I found Macrolepiota Procera in September of 2019. Unfortunately, 2020 was a drought year, so nothing showed. I live in North Dakota of the USA and found them north of Bismarck the capitol, and just west of the Missouri. West of the Missouri is semi-arrid country with sandy soil. Cacti grow here although they are small. I hope fungi will show this year. I am new to this, so how many should I pick/leave. Second, does it help to drop spores, or drop in a new area? Not many people pay attention to fungi or wild berries here. Undoubtedly in part because N.D. has excellent hunting and fishing opportunities. I also pick and make wild jams. Fifty years ago this was common but now it is uncommon to rare. The Bulberry or Buffaloberry makes a superb, unique jam; though I was amazed to read the oppinion to pass them by. The flavor is citrus like with a hint of tropical. Unbelievably, it is native to North Dakota which has no citrus and no tropical due to cold winters. Email: firstname.lastname@example.org.
I just ate my first parasol mushrooms. I was already 90% sure they were parasol mushrooms when I picked them, then checked with all your info and was 98% sure. They tasted good, thank you for the back up!

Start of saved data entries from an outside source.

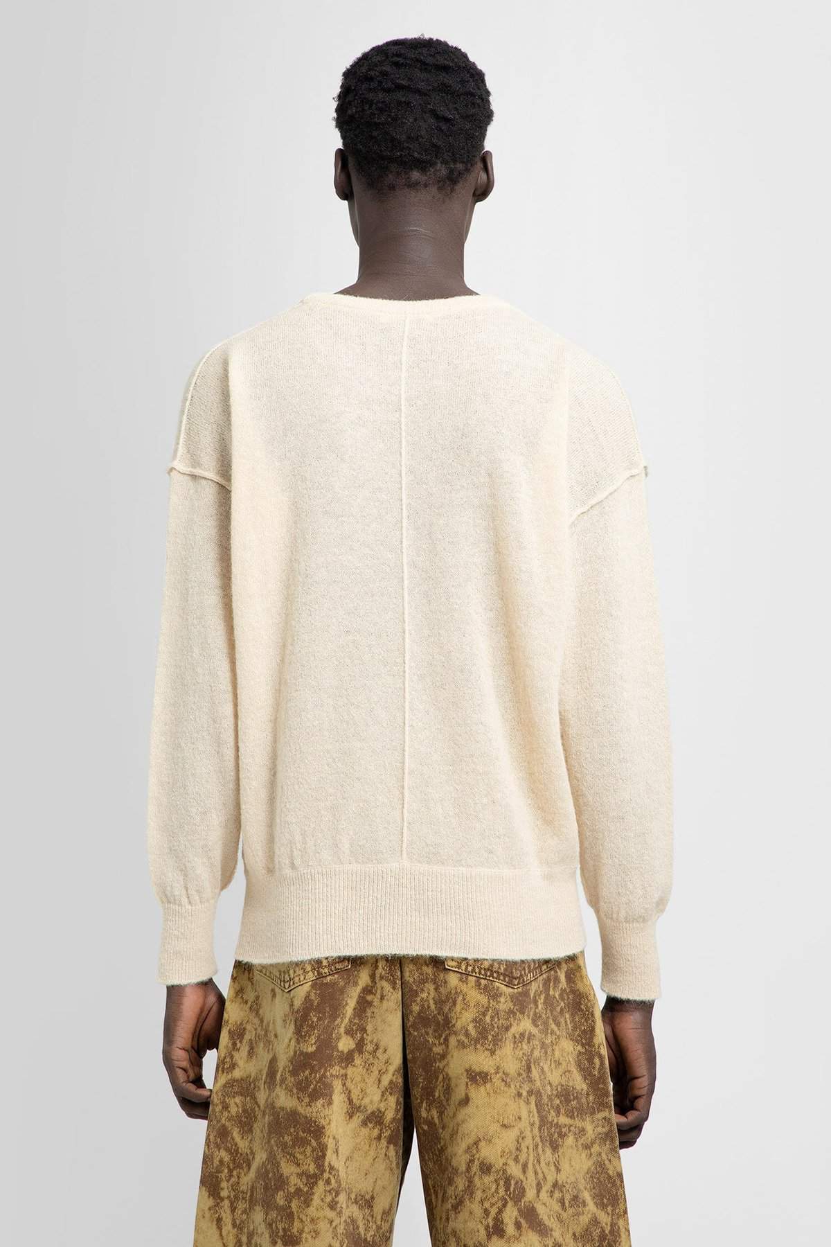 Light beige Light alpaca wool knit Crewneck Decorative stitching details Dropped shoulders Slightly round shape Ribbed hem and cuffs
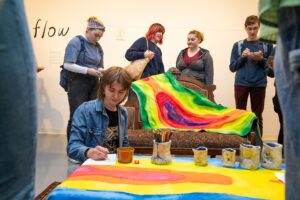 Students interact with the McCarthy Art Gallery exhibit “We Are The Weather” in 2023. The exhibit included the creations of Seattle-based artist Vaughn Bell, who often works in the public art sector to create collaborative projects that frequently focus on our watershed and ecology. (Photo by Cat Cutillo)
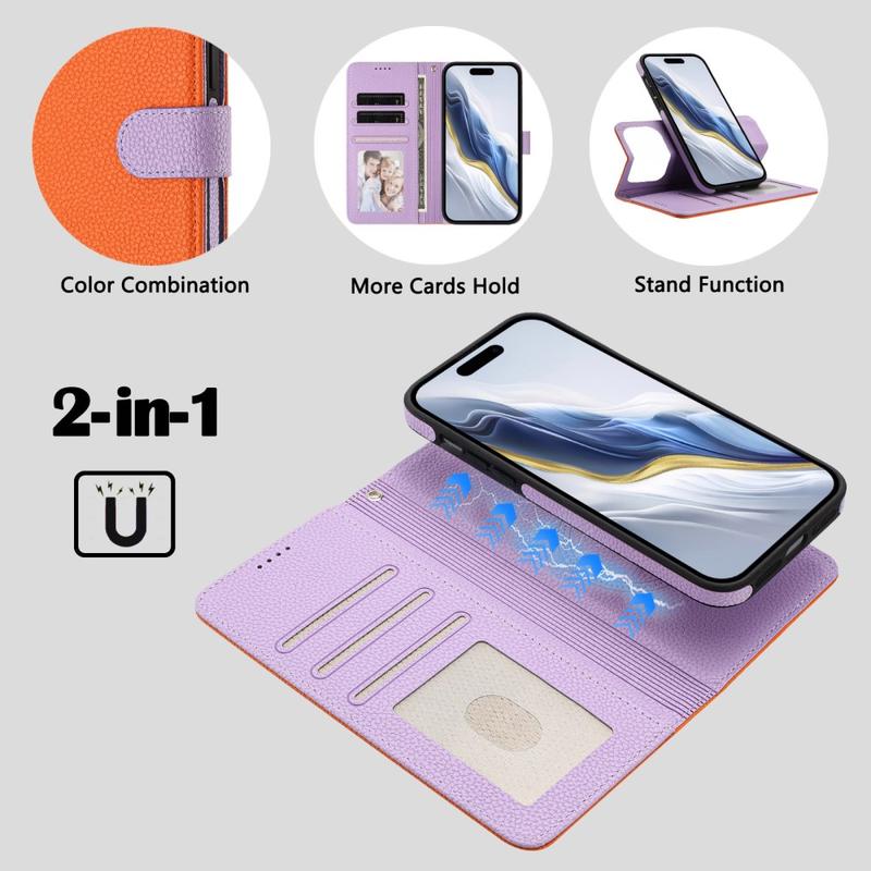 Genießen Sie die Freiheit einer abnehmbaren 2-in-1-Brieftasche. Sie verfügt über: 2 Kartenfächer, 1 Fotofach, 1 Bargeldfach.

We, that is my 5 year old son, Ben and I have found a fairy ring of parasol mushroom, 30 to 40 mushrooms in a 30 foot diameter ring. They fruited in August but the hot weather dried the caps up, 38 degrees and windy. They have started fruiting again now cooler and wetter in mid September. Location old sheep field in North Yorkshire
I ate two that looked liked parasols with a diameter of more than 12 cm with the distinctive pattern on the top and the movable skirt on the stipe. It had a bulbous base but I didn’t see the snake pattern on the stipe. They were creamy white and did not taste bitter at all so I don’t think they were shaggy parasols.